### Material provided
=== Section Start ===

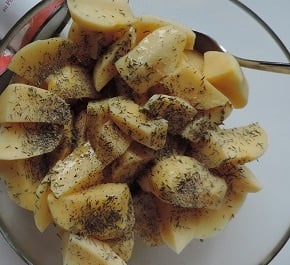 2Préparer les pommes de terre : Peler, couper les pommes de terre en 4 ou en 8, les rincer, les sécher et les débarrasser dans un plat. Ajouter un peu d'herbes de Provence, de fleur de sel, de poivre de Kampot, d'huile et bien mélanger.
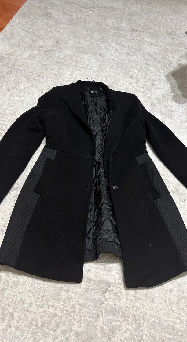 Siyah kadın kaban, kapitone astar ve yan panellerle tasarlanmıştır. Tek düğmeli kapanış ve iki ön ceplidir. Sıcak tutar ve şık görünür.
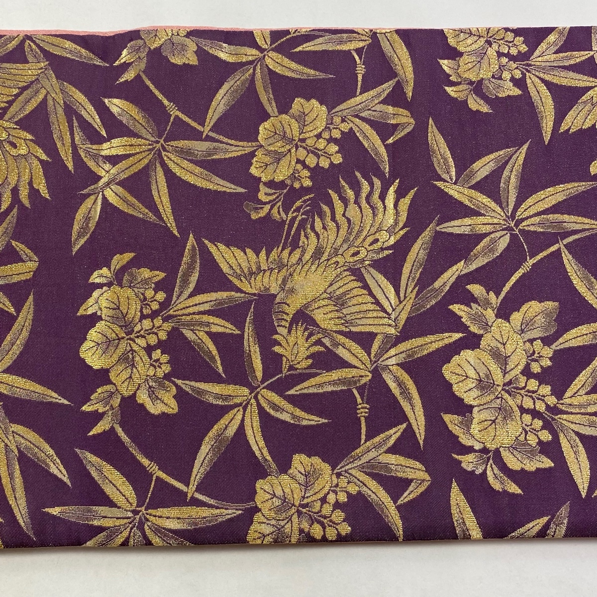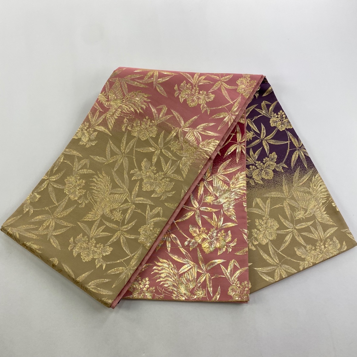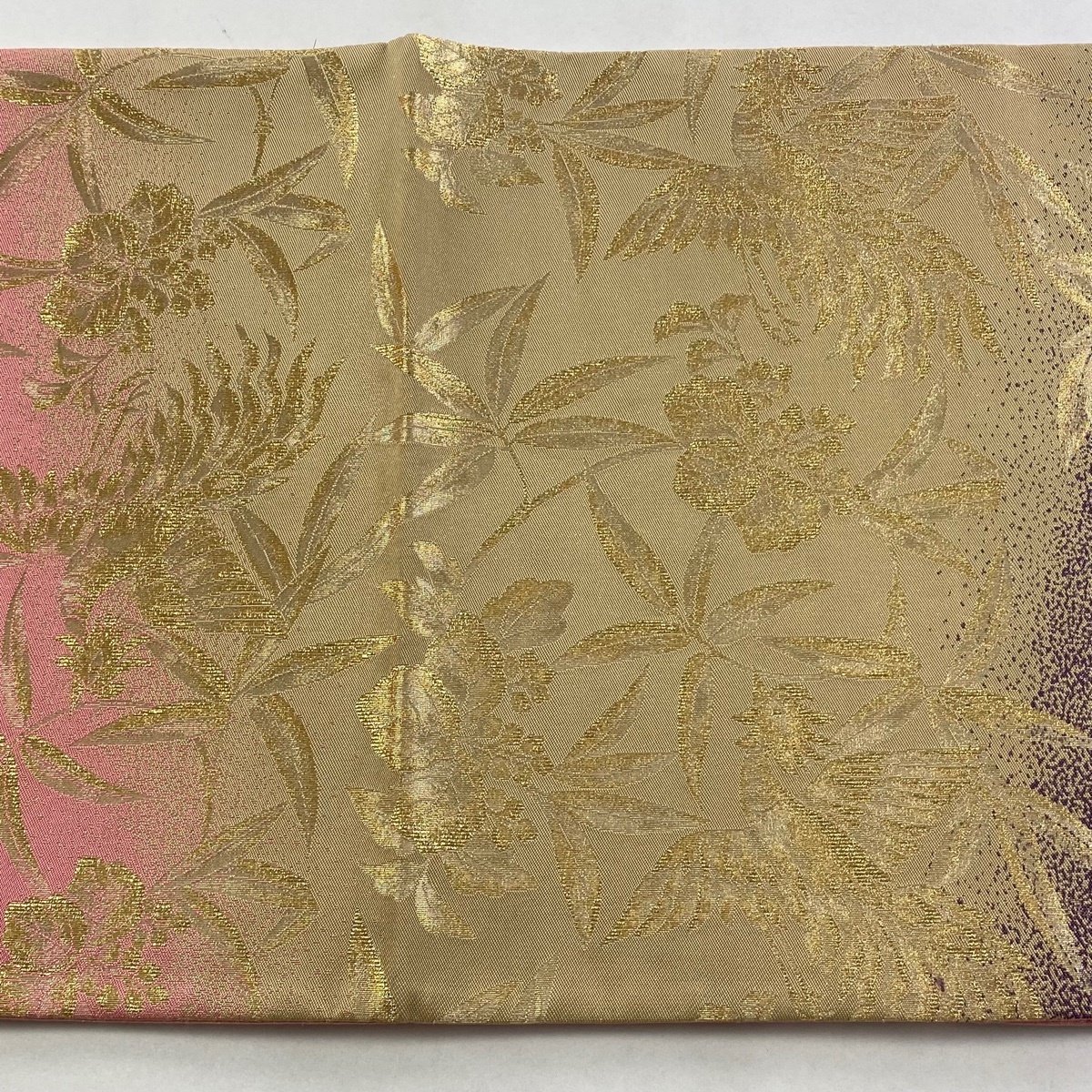| 袋帯 美品 秀品 関西仕立て 草花 鳥 金糸 ピンク 全通 正絹 【中古】 |
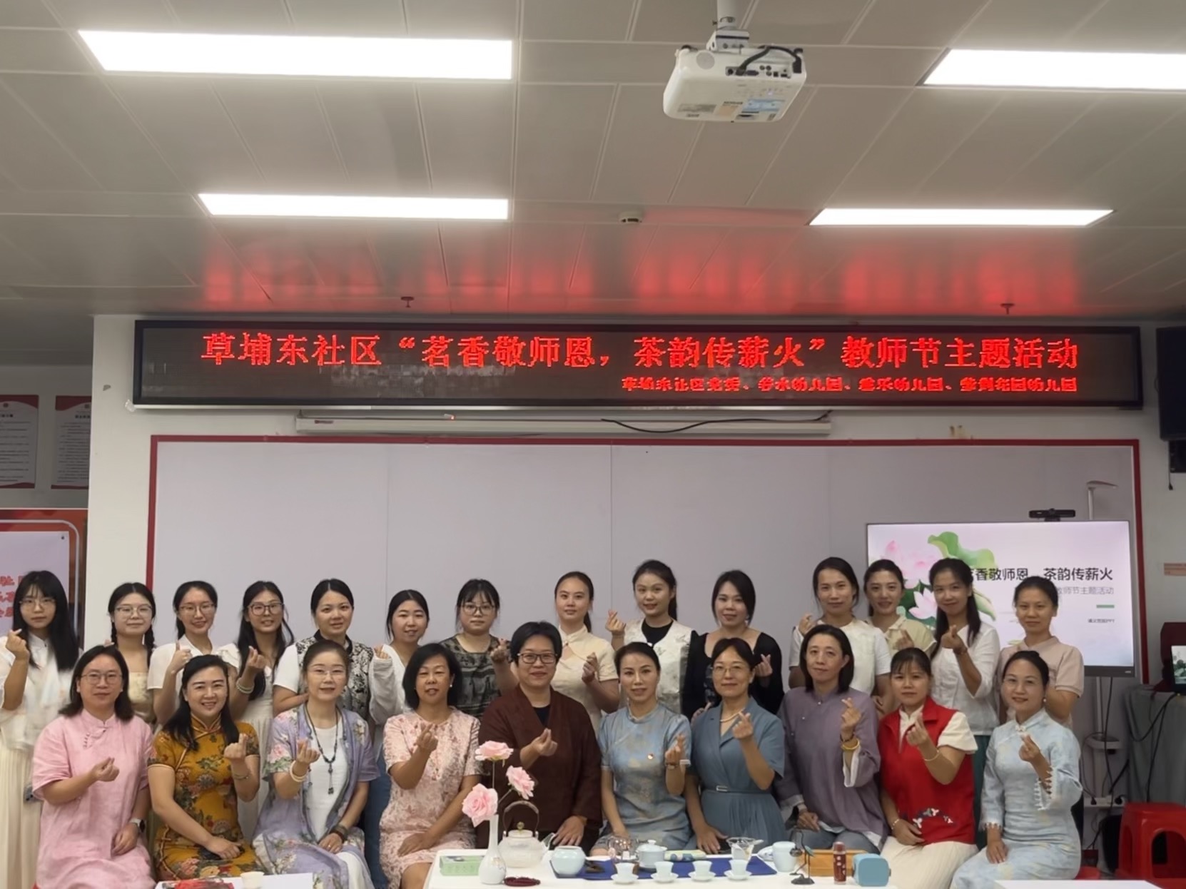 秋韵渐浓,师恩难忘。为响应“百千万工程”丰富基层文化生活的号召,在草埔东社区党委领导下,9月9日上午,草埔东社区联合芳花茶艺、若水幼儿园、雅乐幼儿园及紫荆花幼儿园共同举办“茗香敬师恩,茶韵传薪火”教师节主题活动,以茶为媒、以乐相伴,向一线教育工作者致以节日问候和崇高敬意。

=== Section End ===

### Task instructions
Pictures stay out; everything else in the listing above is to be repeated exactly.

### Answer to the exercise
 2Préparer les pommes de terre : Peler, couper les pommes de terre en 4 ou en 8, les rincer, les sécher et les débarrasser dans un plat. Ajouter un peu d'herbes de Provence, de fleur de sel, de poivre de Kampot, d'huile et bien mélanger.
 Siyah kadın kaban, kapitone astar ve yan panellerle tasarlanmıştır. Tek düğmeli kapanış ve iki ön ceplidir. Sıcak tutar ve şık görünür.
| 袋帯 美品 秀品 関西仕立て 草花 鳥 金糸 ピンク 全通 正絹 【中古】 |
 秋韵渐浓,师恩难忘。为响应“百千万工程”丰富基层文化生活的号召,在草埔东社区党委领导下,9月9日上午,草埔东社区联合芳花茶艺、若水幼儿园、雅乐幼儿园及紫荆花幼儿园共同举办“茗香敬师恩,茶韵传薪火”教师节主题活动,以茶为媒、以乐相伴,向一线教育工作者致以节日问候和崇高敬意。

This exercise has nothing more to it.